Hint: In the solution we will be using the expression of phase difference given in the form of impedance of the circuit. Impedance is the term which takes into account both inductive reactance and capacitive reactance of the given circuit. We will be substituting the value of the difference between reactance of capacitor and inductor to zero at resonance of the given L-R-C circuit.

Complete step by step solution:
The expression for phase difference in an L-R-C circuit.
\[\tan \phi = \dfrac{{\left( {{X_L} - {X_C}} \right)}}{R}\]……(1)

Here, R is the resistance, \[{X_L}\] and \[{X_C}\] are inductive and capacitive reactance respectively.

On rearranging equation (1) we get,
\[\phi = {\tan ^{ - 1}}\left[ {\dfrac{{\left( {{X_L} - {X_C}} \right)}}{R}} \right]\]……(2)

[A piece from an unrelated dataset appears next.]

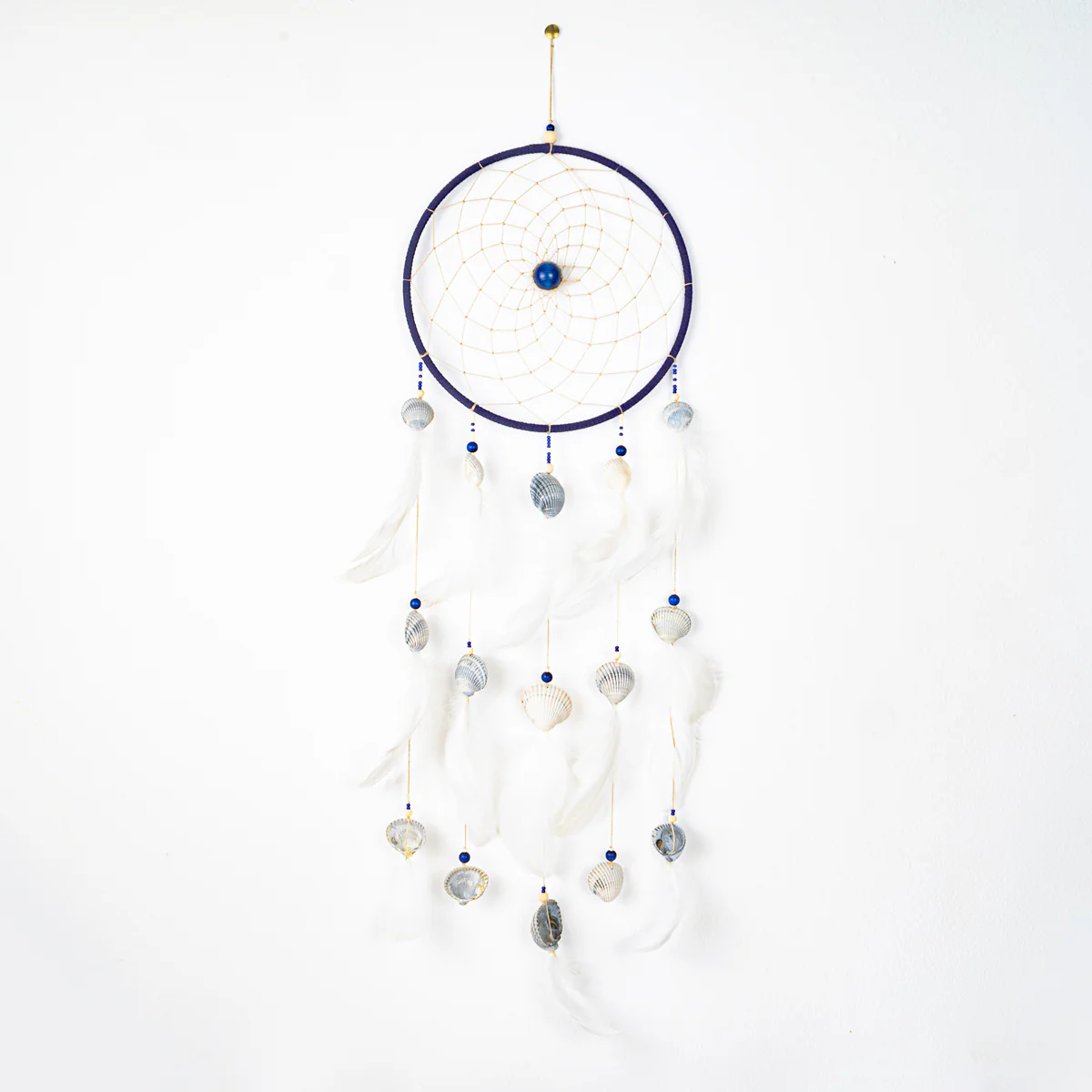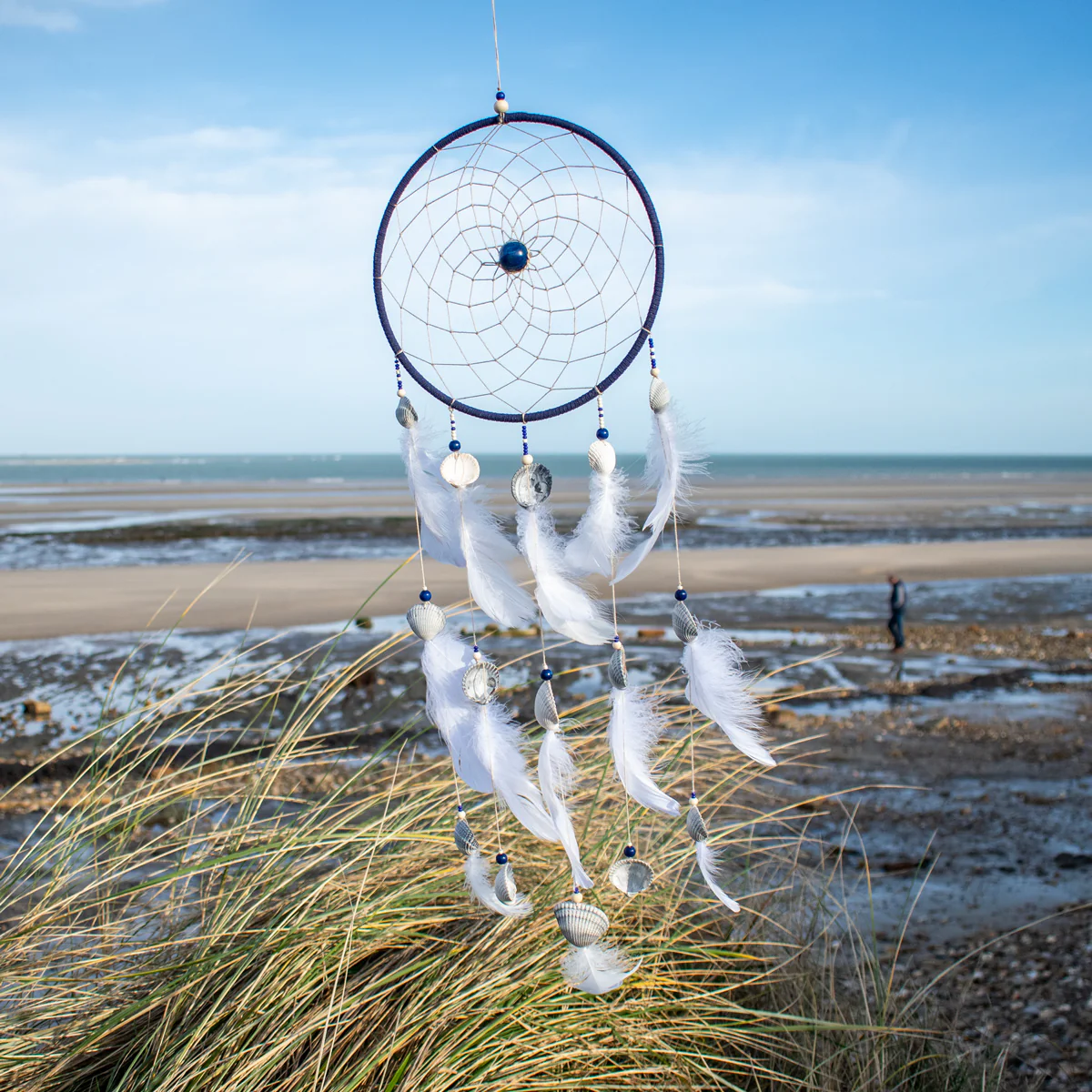 “Danse avec les coquillages” est un attrape-rêve marin confectionné à la main avec des coques blanches ramassées sur les plages de la Côte d’Opale (Wissant, Tardinghen, Équihen-plage).

In the phenomena of resonance, the magnitude of reactance of both inductor and capacitor becomes equal but their direction is opposite that means both the reactance will cancel out each other. In other words it can be said that at resonance of an L-R-C circuit the value of the difference between reactance of inductor and capacitor is zero that is \[\left( {{X_L} - {X_C}} \right)\] equal to zero.

Substitute \[0\] for \[{X_L} - {X_C}\] in equation (2).
\[\begin{array}{c}
\phi = {\tan ^{ - 1}}\left[ {\dfrac{0}{R}} \right]\\
 = 0
\end{array}\]

Therefore, the phase difference between applied emf and the line current is zero and the option (D) is correct.

Note: Keep in mind that the value of phase difference \[\phi \] has to be evaluated so after calculating the value of \[\tan \phi \] take the inverse of this value so that the value of phase difference will come out.